The filling was a welcome burst of colour and flavour – having tried multiple pies where the ingredients of the filling were greyish and bleak both to the eye and to the palate, it was refreshing to see the bright red of the ham and the golden tint of the chicken, both of which were also clearly very fresh and perfectly seasoned. The filling was put together in a delicious sauce, without a trace of mayonnaise I’m happy to add. The sauce was a creamy béchamel-type, light and with a tinge of garlic and cheese, and brought all the flavours of the filling together very well.
I agree with Craig, though, that the only thing that these pies need is to be hot.
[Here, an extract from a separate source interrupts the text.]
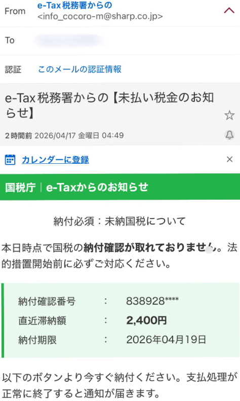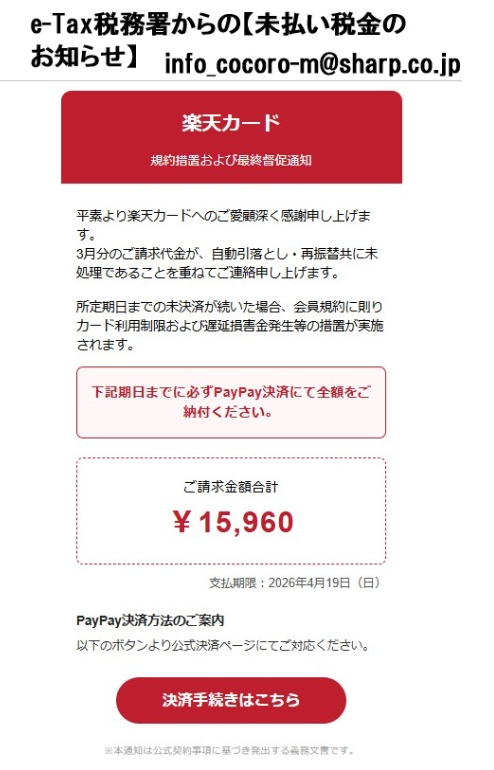 info_cocoro-m@sharp.co.jpのメルアドで、多数の金融機関や、「楽天」や「e-Tax税務署」からのメールが届いているといった事例が急増しています!
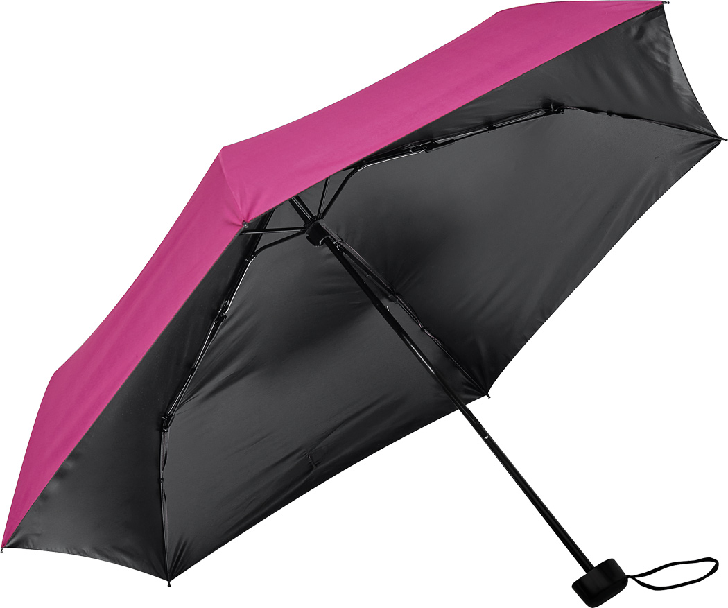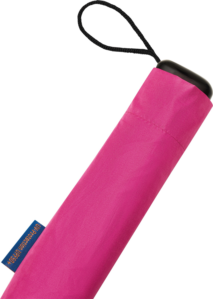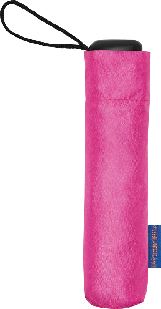 Taschenschirm SUNDANCE, mit UV-Schutz, in farblich abgestimmter Hülle: 3-teiliger Metallstock, Metall- / Fiberglasspeichen, schwarzer Kunststoffgriff mit Handschlaufe, Polyester-Pongee-Bespannung UV50+, innen schwarz beschichtet, breites Schließband mit Klettverschluss

Admittedly, on a gorgeous summer day like this one, you could be chewing on a rubber boot and you’d still have a great time, but a pie of this calibre deserves to be eaten only fresh out of the oven, maybe with a side of mash and a cider.
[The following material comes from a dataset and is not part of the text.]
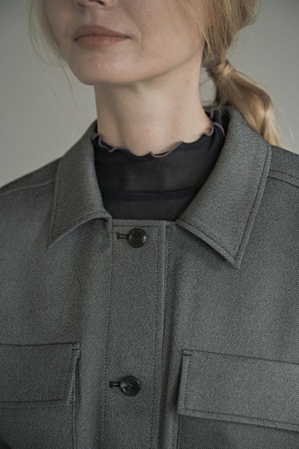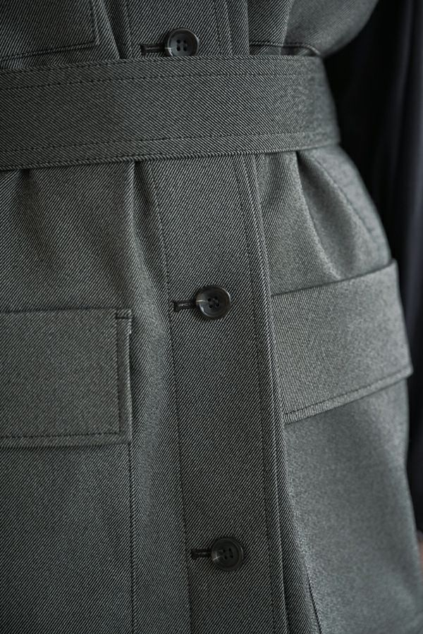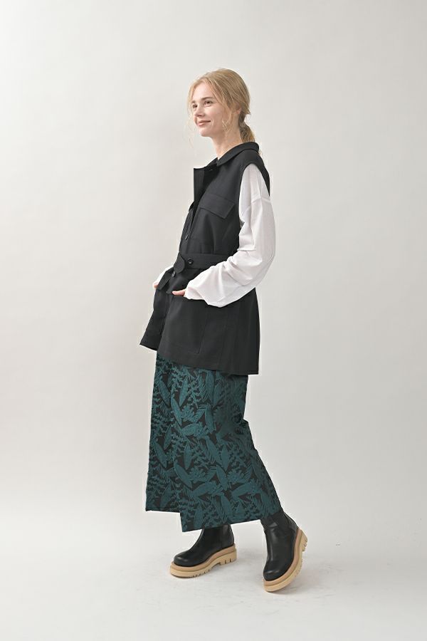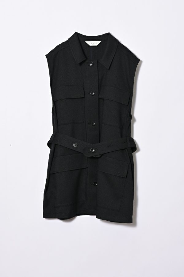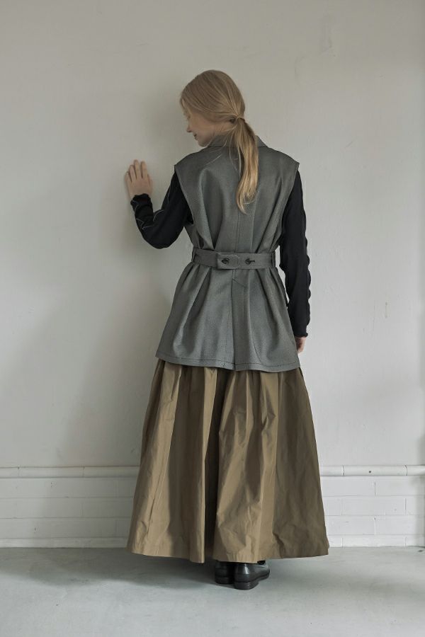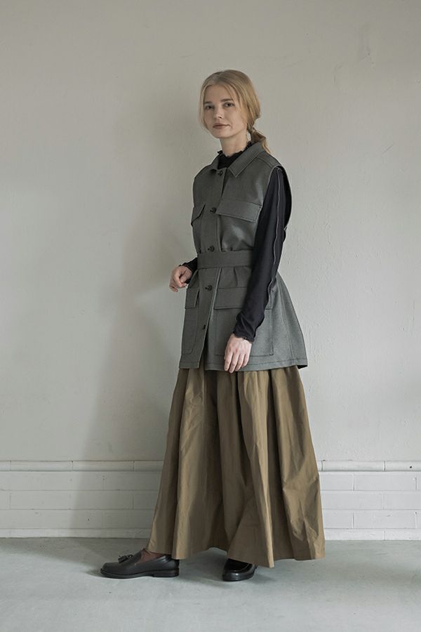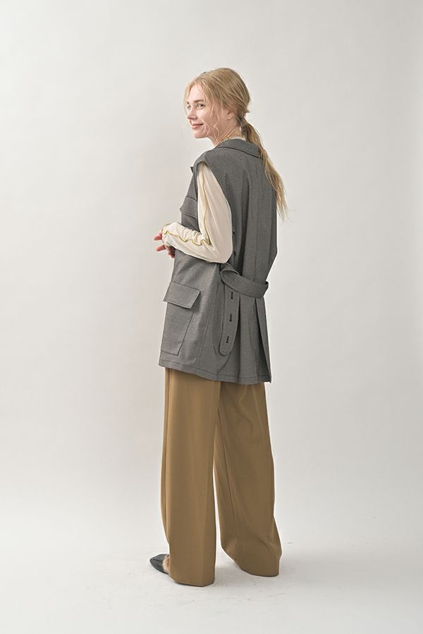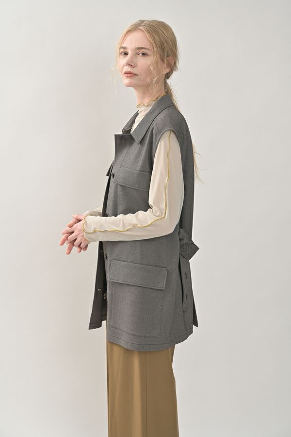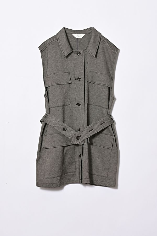 旬のワークテイストなディテールを取り入れたジレベスト。 ポリエステル100%のサラッとした着心地でインナーに合わせる素材を選びません。 トレンドの大きめなボックスポケットに、きれいめなステンカラーのデザインを組合せることで、カジュアル過ぎずクリーンな印象に。 ウエストには取り外し可能なベルト付きで、ベルトを前にも後ろにも留める事が出来き、絞ると よりスタイルアップ見えします。後ろアームにタックを入れて、コクーン型のバックシルエットもデザインポイント。 シャツやブラウスを合わせた上品な着こなしはもちろん、シンプルなTシャツを合わせてカジュアルに着こなすのもおすすめです。甘めのテイスト合わせにも相性が良く、スタイリングに上品さがプラスされます。 ●日本製生地使用

Nonetheless, I personally believe that the chicken and ham earned its award, and we both agreed that if we’re this happy with our pies even when they’re cold, then they must be excellent – but eating them hot would probably have doubled the effect.
Mini Pork Pie
In retrospect, I should have eaten this one first, because I think anything I would have tried after the chicken and ham would have been a let-down. In its own way, this cute little guy was great – it had a different type of crust, which I preferred to the puff pastry of the other pie, and a pork patty which was fresh and well-seasoned.
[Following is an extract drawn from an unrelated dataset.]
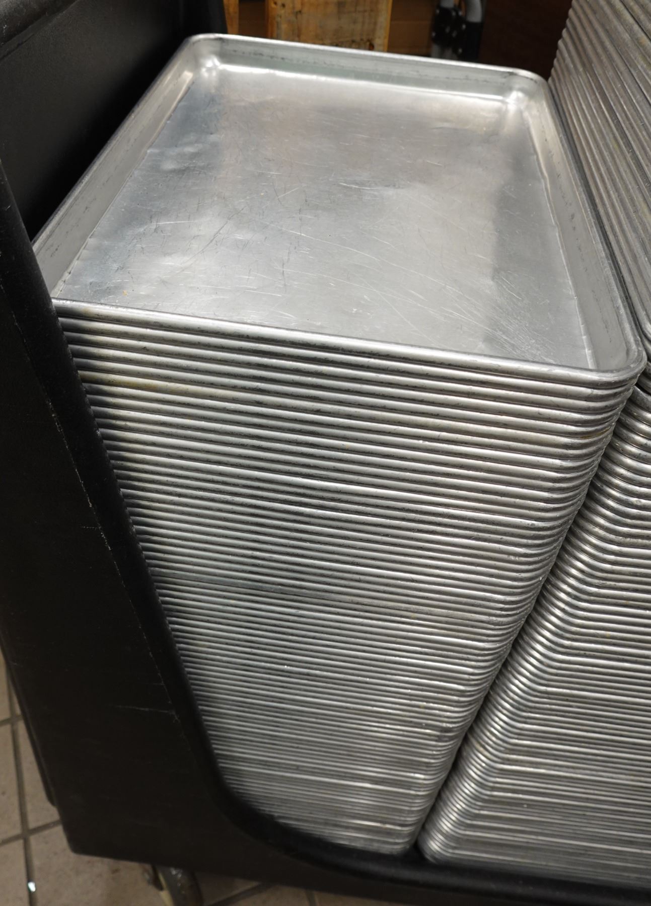 Qty Approx. 76 Vollrath 5303 Sheet Pans 18"x13" (used). Note: This item is large, heavy and may have sharp edges or grease. Removal is at buyer's risk; bring tools, equipment & help.
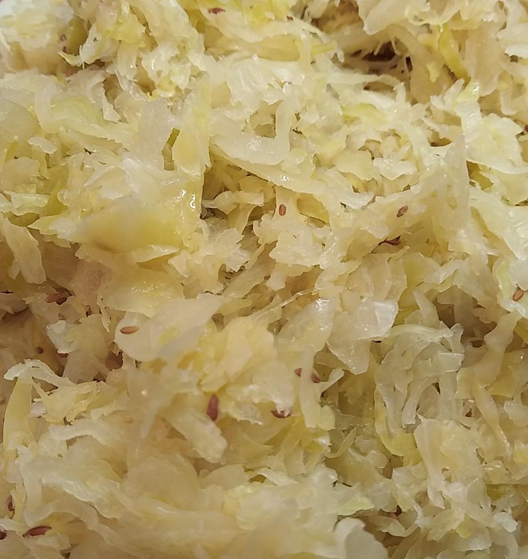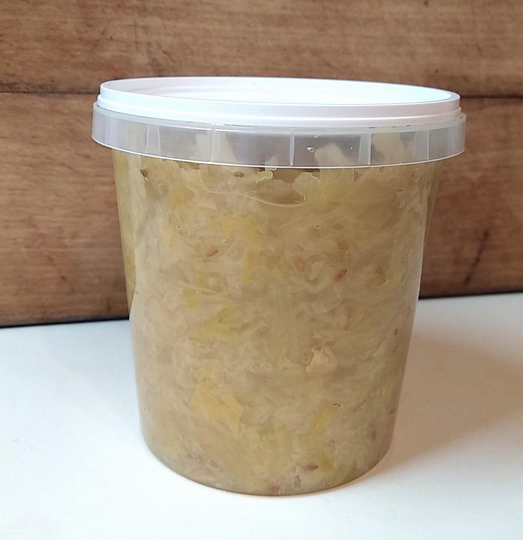 Ingrédients : chou blanc lactofermenté, oignons jaunes,sel de mer, baies de genièvre, cumin

The patty was cooked perfectly and had some fragrant herby and spicy flavours, too. The only thing I didn’t particularly enjoy was that there was too much filling for such a thin crust, but that’s a personal preference. Overall, another great savoury pie, but it stands nowhere near the flavours and texture of the chicken and ham one.
So, the verdict? We were very satisfied with our choices, minus the fact that pies in general, and these ones in particular, should not be consumed cold al fresco. I can definitely imagine how appetising these pies will be, while piping hot, on a bleak day in the winter months, or during a rainy sporting event, however.
We finished our little foodie outing with a merry bonus of dessert from Hamilton’s Cheesecakes, which rounded off an altogether grand meal. So get yourself over to Hugh Black & Sons for a genuinely good pie, now officially approved and recommended by both locals and foreigners, and make a delicious meal of it, fresh out of your own oven.